The waterfront line wasn't considered in large part because it appears there may be compatibility issues between this line and the others. The waterfront proposal, due to the need to preserve a freight spur accessing the port facilities further south, will, in all likelihood, use standard gauge DMU equipment, time-separated à la the River Line, while the other lines will all use broad-gauge electrified LRV equipment, like that used on Boston's Green Line. This compatibility issue will allow for connections, but not interoperability. If, on the other hand, the waterfront line is built in such a way as to be interoperable, or able to be converted into being interoperable, with the other lines, then that opens up a raft of new possibilities for the 64, one of the most delicious being the use of American Street to reach Fairhill, a neighborhood where the addition of new rail service is at or near its most difficult.
A final note about the light-rail map: like heavy rail, Philadelphia2050's light rail system is composed of interwoven overlain networks, which are broadly classifiable as urban and suburban. Urban can be further classified into four networks: the Subway-Surface, the Loop, the Upper Network, and the Waterfront Line; suburban can be further classified into suburban light rail (concentrated at 69th Street Terminal), New Jersey light rail (concentrated at Walter Rand), and interurban lines, like the former 100***, where the lack of concentration is the establishing feature. The ideal solution with all this is to give each network in the system its own color, but the sheer amount of colors (three heavy rail networks + four urban light rail networks + three suburban light rail networks + the regional rail network = 11(!) separate networks in the system) makes this something of a Sisyphean task. Untangling this maze is one of the major cartographic challenges of the proposed system.
* The 64 being a bus line which would be upgraded, under Philadelphia2050, to light rail.

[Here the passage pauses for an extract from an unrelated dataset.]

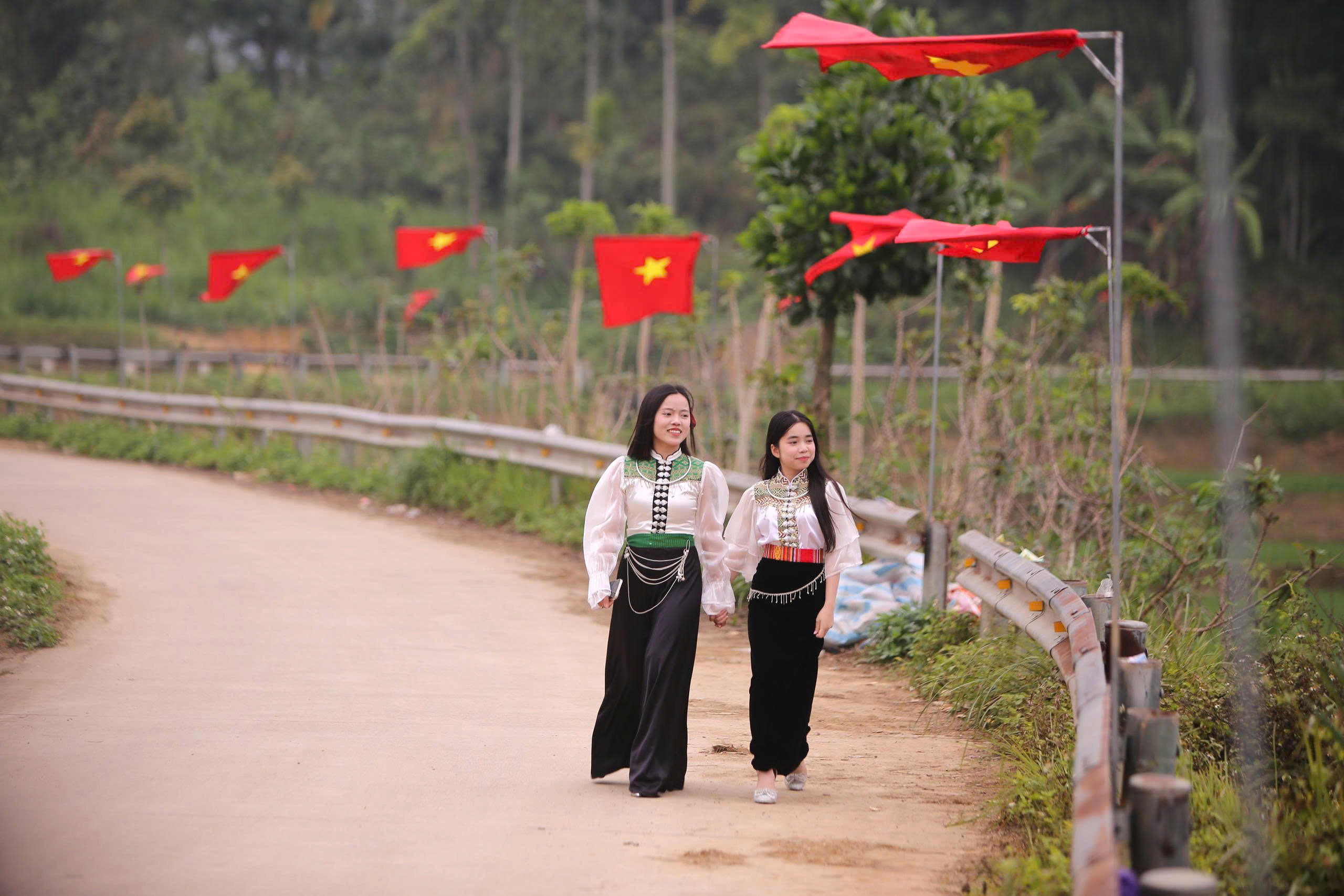 Những lá cờ Tổ quốc tung bay giữa núi rừng xanh thẳm tạo nên khung cảnh vừa trang nghiêm vừa sinh động, lan tỏa không khí náo nức hướng về ngày hội lớn của toàn dân.

** Technically, the 40th Street connection is a one-way pair: the southbound line runs along 40th from its corner with Parkside and Girard south to Spruce and thence down 42nd to Woodland; the northbound line up 42nd from Woodland to Spruce, then up 38th to Filbert, then up 41st to Ogden back to 40th and across the bridge over the Main Line just west of Zoo. In the maps, the 37 line runs the northbound section of this connection and the 49 the southbound. Additionally, since the 11 and 34 both use Woodland east of 49th, I decided to run the 37 up 49th (which has available trolley tracks) to Chester, following the 13, in order to not inordinately overload Woodland; since the Grays Ferry Bridge's optimal access follows 47th, to keep costs down, the 49 follows Woodland for a brief section from 42nd to 47th.
*** The 100 is now called the Norristown High-Speed Line, or NHSL for short; in Philadelphia2050, the 100 number is to be given to a new route extending from 69th Street Station to Ivy Ridge Transportation Center (another later post).